___ SUPPLIED RECORDS ___
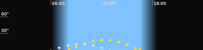 | Höchster Stand (Kulmination) | 09:28 Uhr (h=10.6°) |
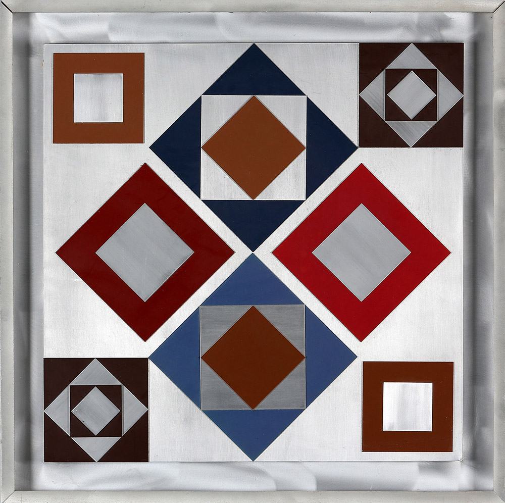 ENZO CACCIOLA 1945 10 agosto 1971, 1971 Smalto su alluminio in rilievo, cm. 84 x 84 Firmato e datato sul retro Etichetta Katia srl Genova sul retro Timbro Galleria La Bertesca Genova sul retro Autentica dell'artista su fotografia Prov. Collezione Privata
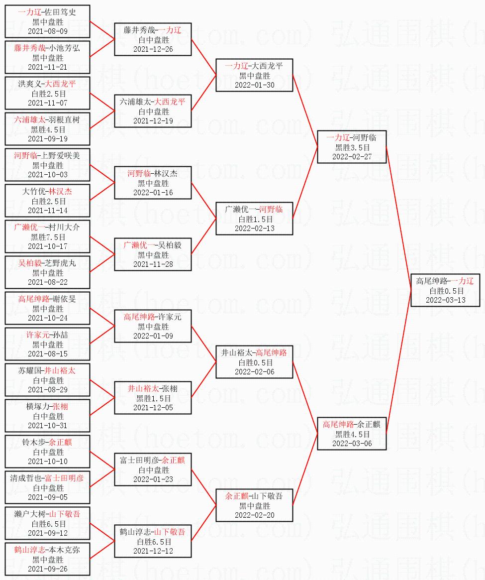 1.一力辽获得冠军,高尾绅路获得亚军。决赛比分:一力辽1:0高尾绅路。棋局:
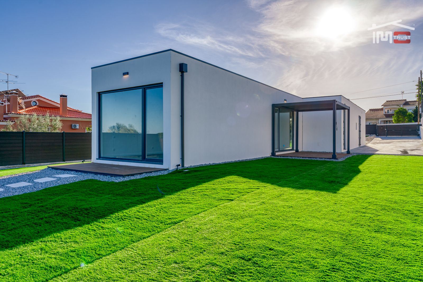 A moradia já se encontra em fase de acabamentos, onde ainda pode escolher alguns dos acabamentos. Excelente qualidade de construção e com ótimos acabamentos No piso do rés-de-chão encontra: 1 Garagem com portão seccionado para dois carros, com acesso direto ao interior da moradia 1 Quarto suíte com roupeiro embutido Cozinha em open space com a sala e com vista para o jardim 1 Casa de banho com lava mãos, bidé e sanita 1 Despensa No piso superior: 1 Quarto com roupeiro embutido 1 Quarto com roupeiro embutido e com varanda 1 Quarto suíte, com roupeiro embutido e com varanda O chão dos quartos será em flutuante Terraço isolado e com corte térmico de 12 cm Telhado em placa com isolação de 6 cm, coberto com chapa sandwich de 6 cm Fachada com isolação de 8 cm Bomba de calor Será aplicado o ar condicionado em toda a moradia Os arranjos exteriores do jardim serão realizados O lote está todo murado, frente com portão elétrico, iluminação embutida e pontos de água As imagens 3D são meramente ilustrativas Para mais informações contacte nos.
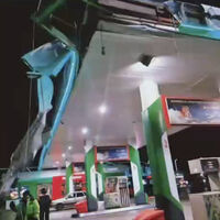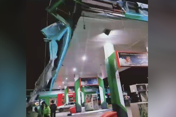 Однако, судя по кадрам, у машины во время столкновения с АЗС был поднят кузов. Именно он и повредил крышу.
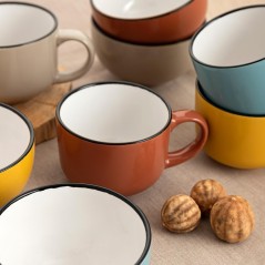 Juego de tazas de desayuno, 40 cl. Fabricadas en cerámica y en 4 colores.
___
- EXERCISE
Exactly as they appear above, write out all the entries, but not the images.

- TASK RESPONSE
 | Höchster Stand (Kulmination) | 09:28 Uhr (h=10.6°) |
 ENZO CACCIOLA 1945 10 agosto 1971, 1971 Smalto su alluminio in rilievo, cm. 84 x 84 Firmato e datato sul retro Etichetta Katia srl Genova sul retro Timbro Galleria La Bertesca Genova sul retro Autentica dell'artista su fotografia Prov. Collezione Privata
 1.一力辽获得冠军,高尾绅路获得亚军。决赛比分:一力辽1:0高尾绅路。棋局:
 A moradia já se encontra em fase de acabamentos, onde ainda pode escolher alguns dos acabamentos. Excelente qualidade de construção e com ótimos acabamentos No piso do rés-de-chão encontra: 1 Garagem com portão seccionado para dois carros, com acesso direto ao interior da moradia 1 Quarto suíte com roupeiro embutido Cozinha em open space com a sala e com vista para o jardim 1 Casa de banho com lava mãos, bidé e sanita 1 Despensa No piso superior: 1 Quarto com roupeiro embutido 1 Quarto com roupeiro embutido e com varanda 1 Quarto suíte, com roupeiro embutido e com varanda O chão dos quartos será em flutuante Terraço isolado e com corte térmico de 12 cm Telhado em placa com isolação de 6 cm, coberto com chapa sandwich de 6 cm Fachada com isolação de 8 cm Bomba de calor Será aplicado o ar condicionado em toda a moradia Os arranjos exteriores do jardim serão realizados O lote está todo murado, frente com portão elétrico, iluminação embutida e pontos de água As imagens 3D são meramente ilustrativas Para mais informações contacte nos.
 Однако, судя по кадрам, у машины во время столкновения с АЗС был поднят кузов. Именно он и повредил крышу.
 Juego de tazas de desayuno, 40 cl. Fabricadas en cerámica y en 4 colores.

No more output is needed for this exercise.